* PROBLEM STATEMENT *
Once the images are set aside, output the listing exactly as it stands.

* SOURCE DATA *
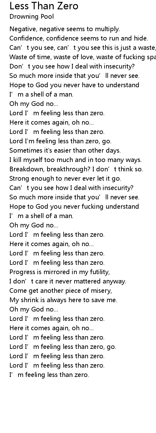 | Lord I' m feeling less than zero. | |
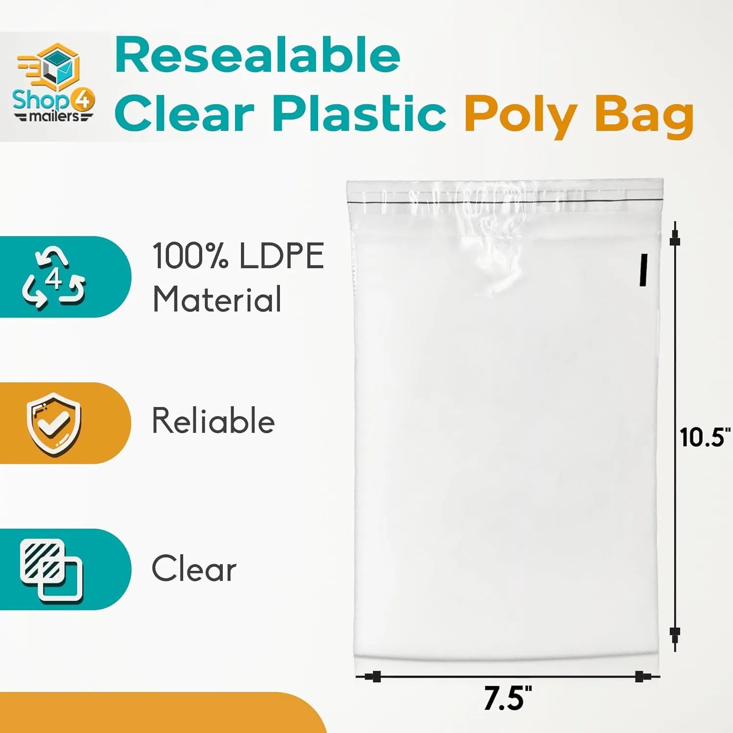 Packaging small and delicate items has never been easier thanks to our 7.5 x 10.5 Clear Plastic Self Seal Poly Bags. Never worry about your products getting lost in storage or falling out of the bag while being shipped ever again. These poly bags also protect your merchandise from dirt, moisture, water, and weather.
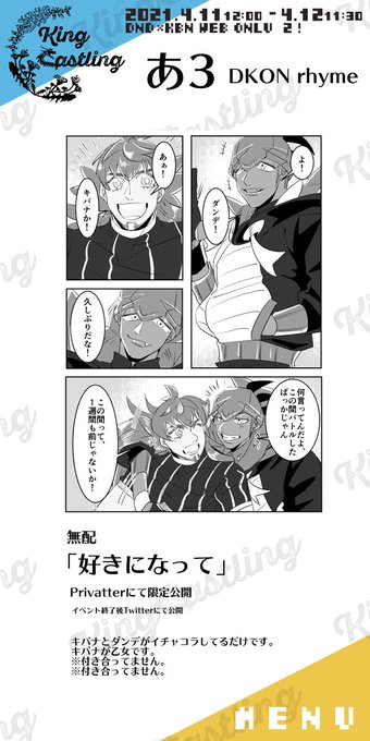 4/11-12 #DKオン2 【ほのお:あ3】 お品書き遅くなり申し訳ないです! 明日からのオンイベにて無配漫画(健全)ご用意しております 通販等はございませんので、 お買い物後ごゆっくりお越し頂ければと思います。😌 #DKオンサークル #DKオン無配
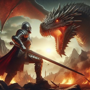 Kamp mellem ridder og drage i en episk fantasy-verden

* SOLUTION TO THIS PROBLEM *
 | Lord I' m feeling less than zero. | |
 Packaging small and delicate items has never been easier thanks to our 7.5 x 10.5 Clear Plastic Self Seal Poly Bags. Never worry about your products getting lost in storage or falling out of the bag while being shipped ever again. These poly bags also protect your merchandise from dirt, moisture, water, and weather.
 4/11-12 #DKオン2 【ほのお:あ3】 お品書き遅くなり申し訳ないです! 明日からのオンイベにて無配漫画(健全)ご用意しております 通販等はございませんので、 お買い物後ごゆっくりお越し頂ければと思います。😌 #DKオンサークル #DKオン無配
 Kamp mellem ridder og drage i en episk fantasy-verden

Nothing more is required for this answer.